Oysaki korona virüs salgını ile
mücadele sürecinde ülkeler aldıkları tedbirler kapsamında seyahatleri kısıtlıyor,
karantinalar başlatıyor, sınırları kapatıyor, aralarındaki ticareti duruyor ve
netice olarak insanlar ve ülkeler gitgide içine kapanıyor.
İnsanlar paniğe kapılıp marketlere,
özellikle temel gıdalara hücum ediyor. Peki, ülkemiz bu türden salgınlar,
ekonomik krizler, afetler ve savaşlar karşısında gıda garantisine sahip mi?
Halkımız dün tanzim satış kuyruğunda
iken, bugün korona virüs salgını sonrası market market makarna arar hale
gelmiştir. Yarın ABD’den pirinç, Kanada’dan mercimek, Meksika’dan kuru fasulye,
Rusya’dan buğday gelmezse ne yapacağız?
“AKP
öncesinde tarım ve gıda konusunda kendi kendine yeten bir ülkeydik”
AKP iktidarına kadar gıda konusunda
dünyanın kendi kendine yetebilen 7 ülkesinden biriydik.
Ancak AKP İktidarı döneminde işler
değişmeye başladı.
Cumhuriyet döneminde milletin
dişinden tırnağından artırarak meydana getirdiği iktisadi tarım işletmeleri,
araştırma ve geliştirmeye dayalı enstitüler, fabrikalar ve devlet kurumları
özelleştirme adı altında ya eşe dosta peşkeş çekilmiş ya da kapatılmıştır.

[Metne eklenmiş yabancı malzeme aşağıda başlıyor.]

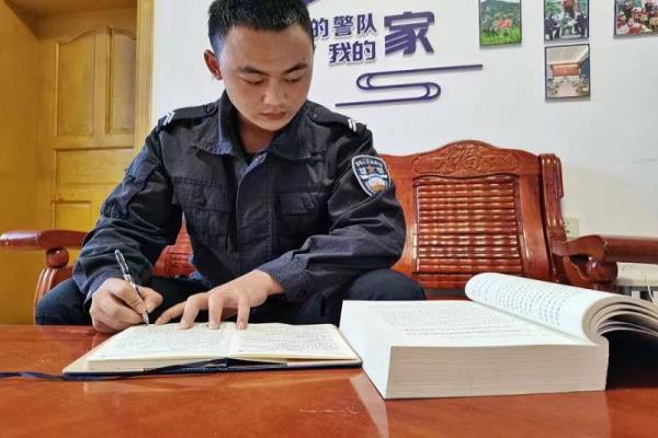 蹇小源自成为边境管控专职辅警以来,一直在该站执勤岗位上。他深知自己肩上的责任重大,边境检查站的工作就是细一点再细一点,他积极主动学习理论知识,利用休息时间虚心向老同志请教查缉经验、查缉方法。有一次,半夜一点过了同一宿舍的民警张涛看到蹇小源的被窝里透着光以为他还在玩手机,便走过去提醒他早点睡觉,轻轻拉开被子才发现他打着手电筒在看一本笔记本,他说:“我想快点适应这个工作,我找陈菲班长借来了他新兵时用的笔记本,里面好多知识呢,我再看一会就睡,我保证不会影响白天的工作。”现在他已经是他们执勤中队里的“前辈”,是其他专职辅警的榜样!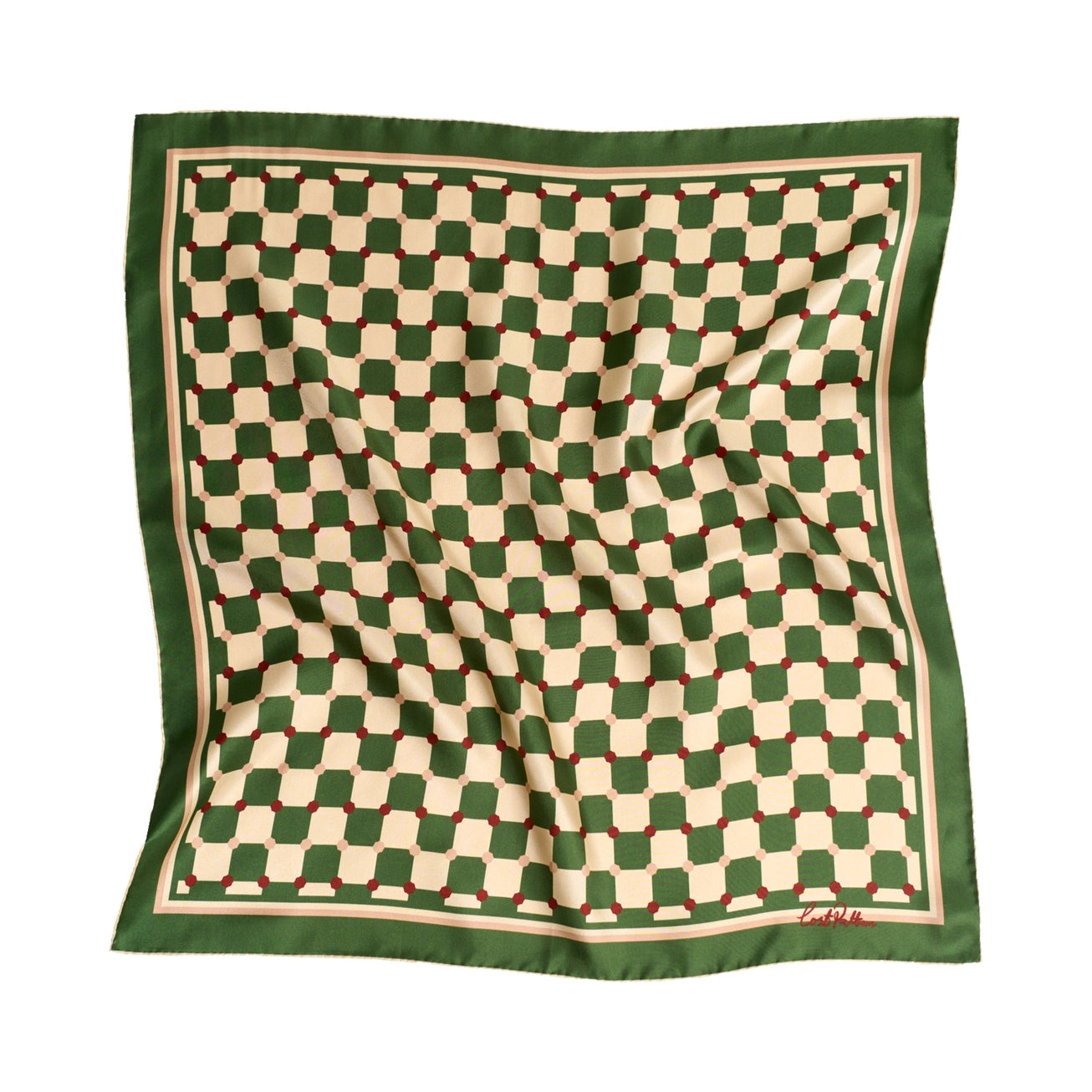 Checkerboard Silk Bandana Scarf - Green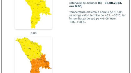 „Astfel, temperatura maximă a aerului în perioada 3-6.08.2023 va atinge valori termice de +33..+35°C, iar în jumătatea de sud pe 4-6.08 între +36..+38°C.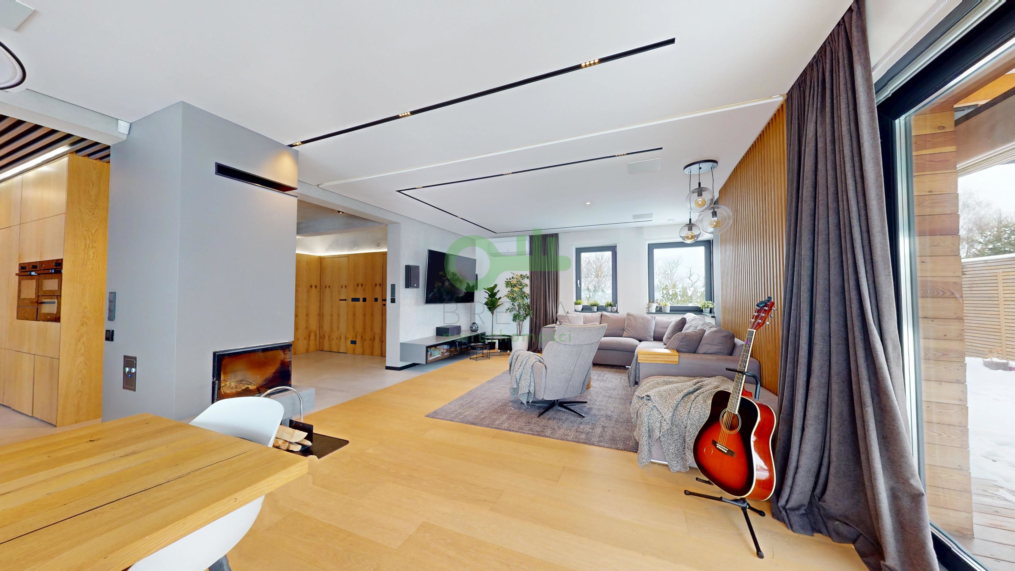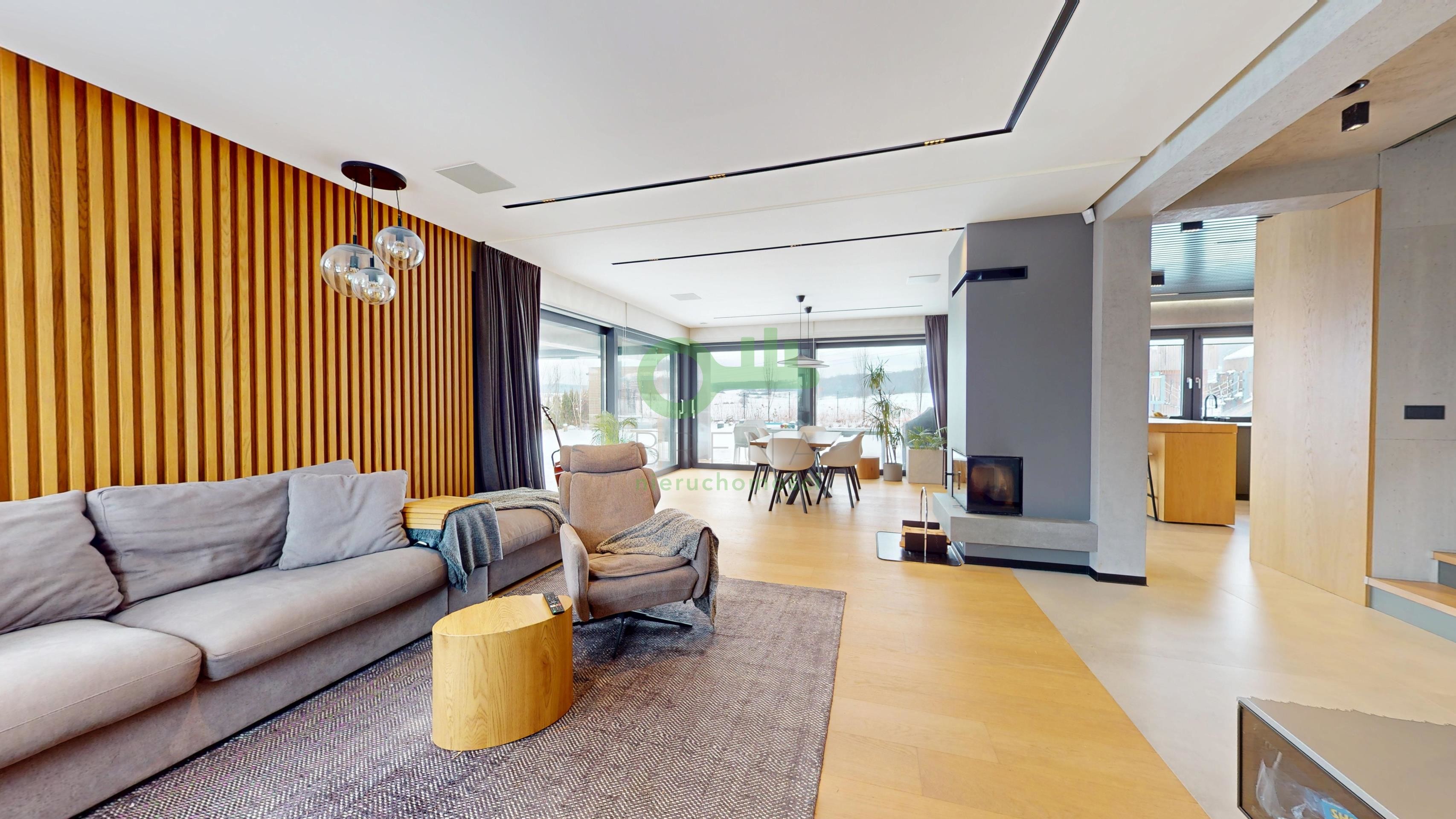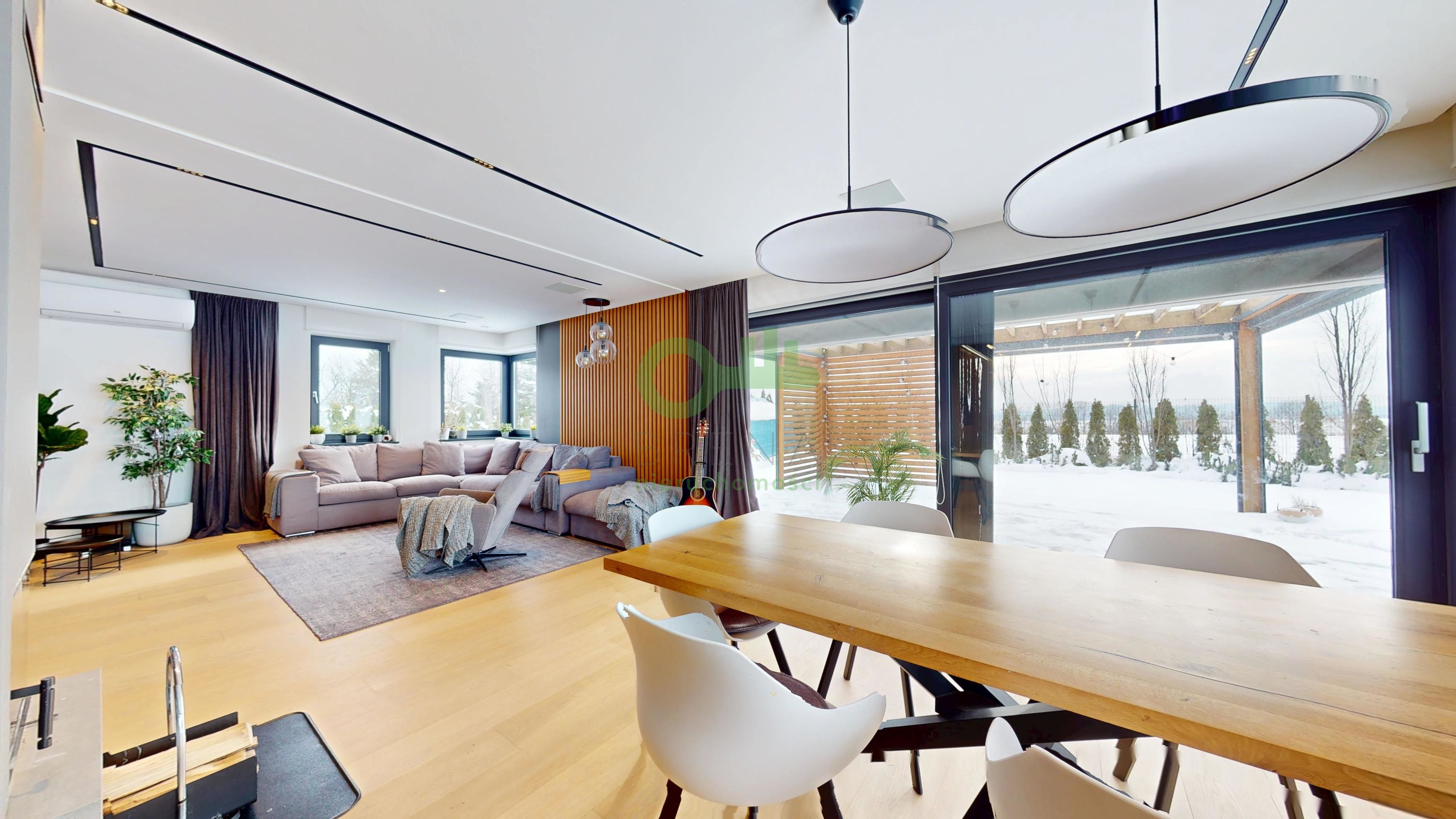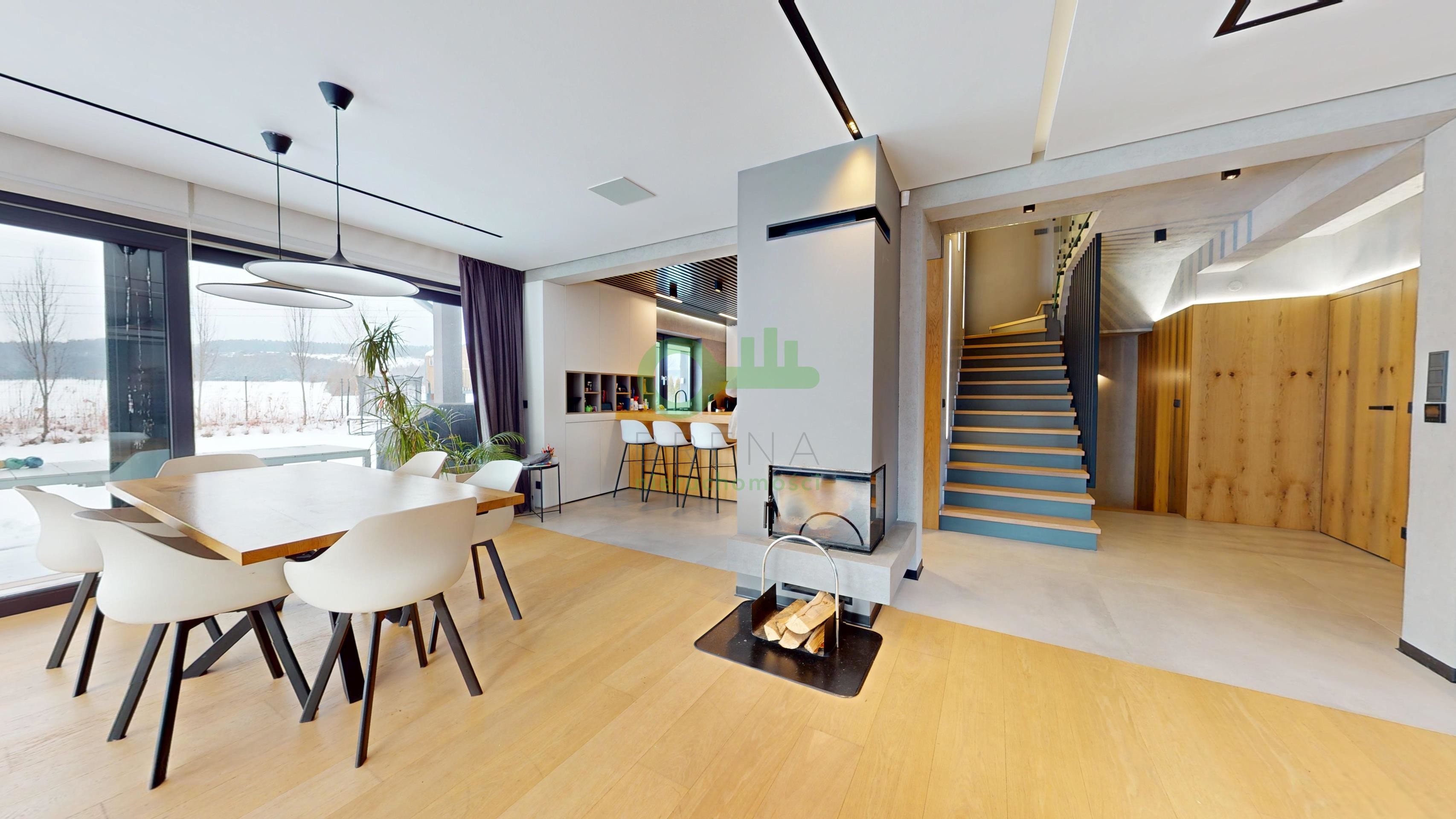 Oferta skierowana do klienta poszukującego gotowej rezydencji, która łączy nowoczesny design (styl Warm Industrial) z pełną funkcjonalnością domu inteligentnego i rekreacyjnego.

Bunun sonucudur ki Türk tarımı ve hayvancılığı bugün tasfiye edilmiş
durumdadır.
“Tarıma
ve Türk çiftçisine destek yerine ithalat desteklendi”
AK Parti iktidarının göreve geldiği
2002’den bu yana ülkenin her sektöründeki üretim kapasitelerini sakatlamış,
uyguladığı sıcak para politikası ile bir ithalat ekonomisi sistemi kurmuştur. Örneğin;
Türkiye 2003 – 2018 döneminde tarım desteğine ayırdığı paranın 5 katını tarım
ürünleri ithalatına savurmuştur. 2002 yılında tarımın gayrisafi millî
hasıladaki payı yüzde 12 iken, bu oran 2018'de yüzde 7’ye gerilemiştir.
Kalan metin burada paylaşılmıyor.